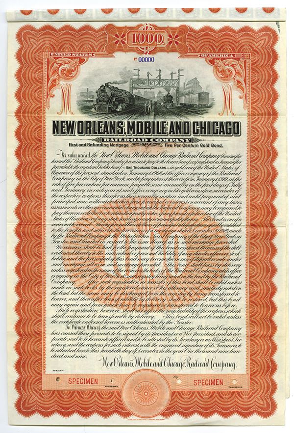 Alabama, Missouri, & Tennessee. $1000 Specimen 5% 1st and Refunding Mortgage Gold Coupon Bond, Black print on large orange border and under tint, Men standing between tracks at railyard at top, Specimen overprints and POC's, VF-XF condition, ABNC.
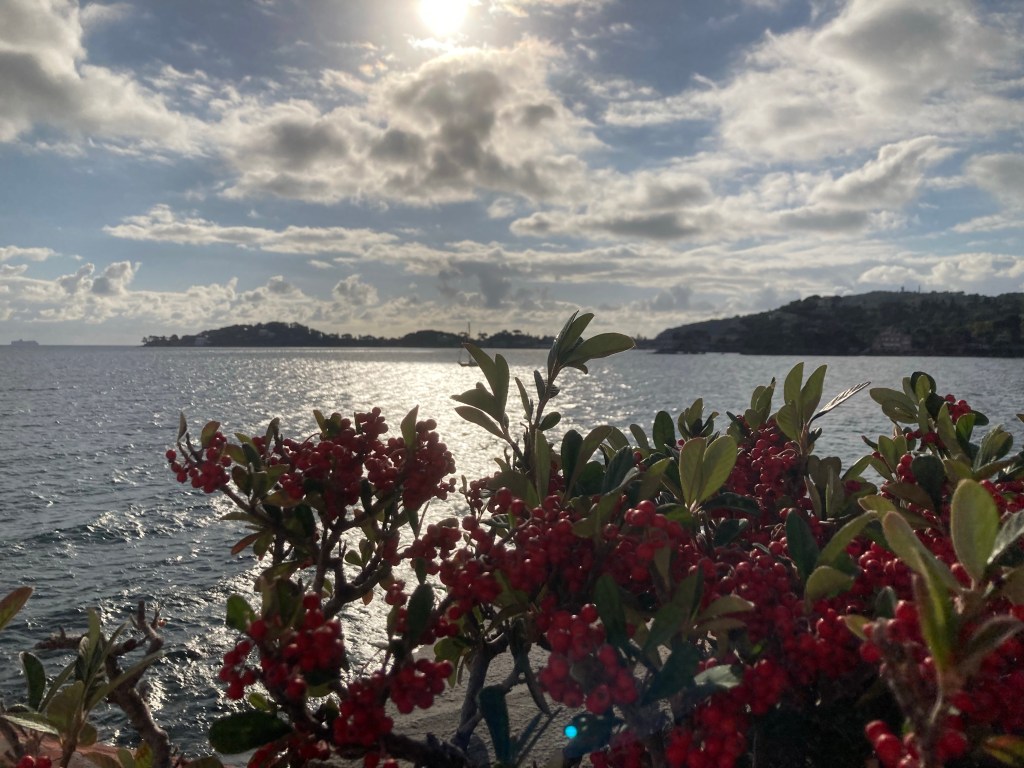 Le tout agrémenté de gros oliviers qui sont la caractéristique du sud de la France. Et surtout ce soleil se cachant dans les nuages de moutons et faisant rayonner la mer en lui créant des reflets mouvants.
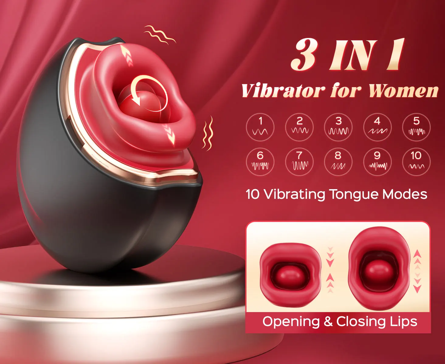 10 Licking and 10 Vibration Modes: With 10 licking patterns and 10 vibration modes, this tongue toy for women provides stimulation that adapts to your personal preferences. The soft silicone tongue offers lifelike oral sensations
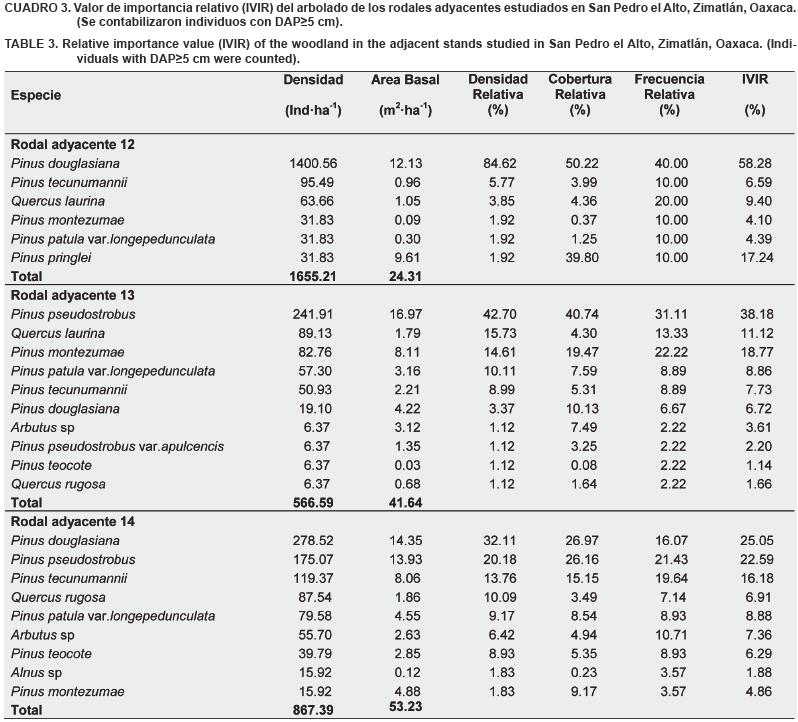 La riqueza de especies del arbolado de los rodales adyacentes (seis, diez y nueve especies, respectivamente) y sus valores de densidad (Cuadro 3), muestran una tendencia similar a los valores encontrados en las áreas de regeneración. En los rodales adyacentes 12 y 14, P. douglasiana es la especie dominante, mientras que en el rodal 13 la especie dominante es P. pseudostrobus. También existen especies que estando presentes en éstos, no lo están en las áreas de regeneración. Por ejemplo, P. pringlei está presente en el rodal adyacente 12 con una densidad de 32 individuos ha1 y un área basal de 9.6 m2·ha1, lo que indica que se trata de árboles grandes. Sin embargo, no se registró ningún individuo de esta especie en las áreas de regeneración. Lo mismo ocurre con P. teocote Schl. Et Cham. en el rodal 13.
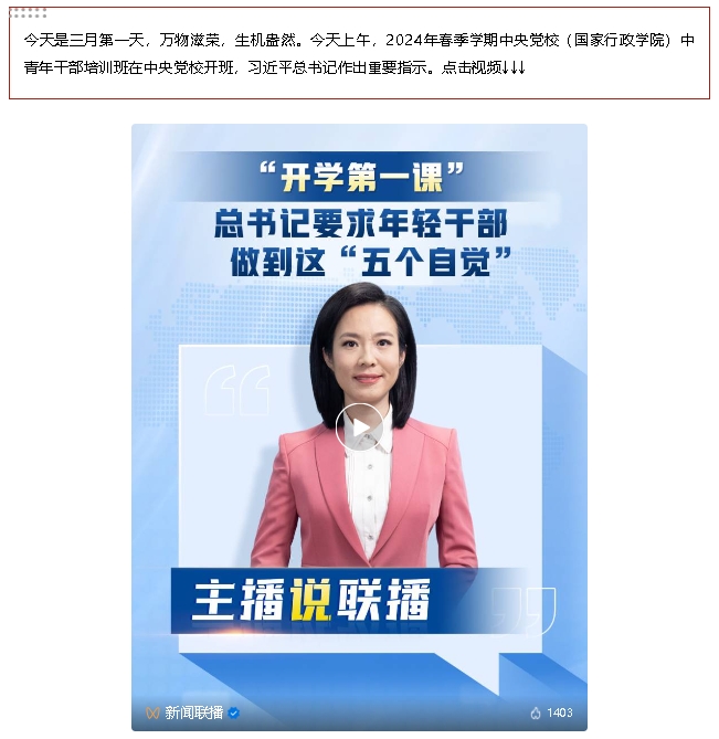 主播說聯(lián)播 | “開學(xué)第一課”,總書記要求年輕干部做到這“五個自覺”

What is being asked
All of the entries need to be retyped word for word, pictures excluded.

Reply
 Alabama, Missouri, & Tennessee. $1000 Specimen 5% 1st and Refunding Mortgage Gold Coupon Bond, Black print on large orange border and under tint, Men standing between tracks at railyard at top, Specimen overprints and POC's, VF-XF condition, ABNC.
 Le tout agrémenté de gros oliviers qui sont la caractéristique du sud de la France. Et surtout ce soleil se cachant dans les nuages de moutons et faisant rayonner la mer en lui créant des reflets mouvants.
 10 Licking and 10 Vibration Modes: With 10 licking patterns and 10 vibration modes, this tongue toy for women provides stimulation that adapts to your personal preferences. The soft silicone tongue offers lifelike oral sensations
 La riqueza de especies del arbolado de los rodales adyacentes (seis, diez y nueve especies, respectivamente) y sus valores de densidad (Cuadro 3), muestran una tendencia similar a los valores encontrados en las áreas de regeneración. En los rodales adyacentes 12 y 14, P. douglasiana es la especie dominante, mientras que en el rodal 13 la especie dominante es P. pseudostrobus. También existen especies que estando presentes en éstos, no lo están en las áreas de regeneración. Por ejemplo, P. pringlei está presente en el rodal adyacente 12 con una densidad de 32 individuos ha1 y un área basal de 9.6 m2·ha1, lo que indica que se trata de árboles grandes. Sin embargo, no se registró ningún individuo de esta especie en las áreas de regeneración. Lo mismo ocurre con P. teocote Schl. Et Cham. en el rodal 13.
 主播說聯(lián)播 | “開學(xué)第一課”,總書記要求年輕干部做到這“五個自覺”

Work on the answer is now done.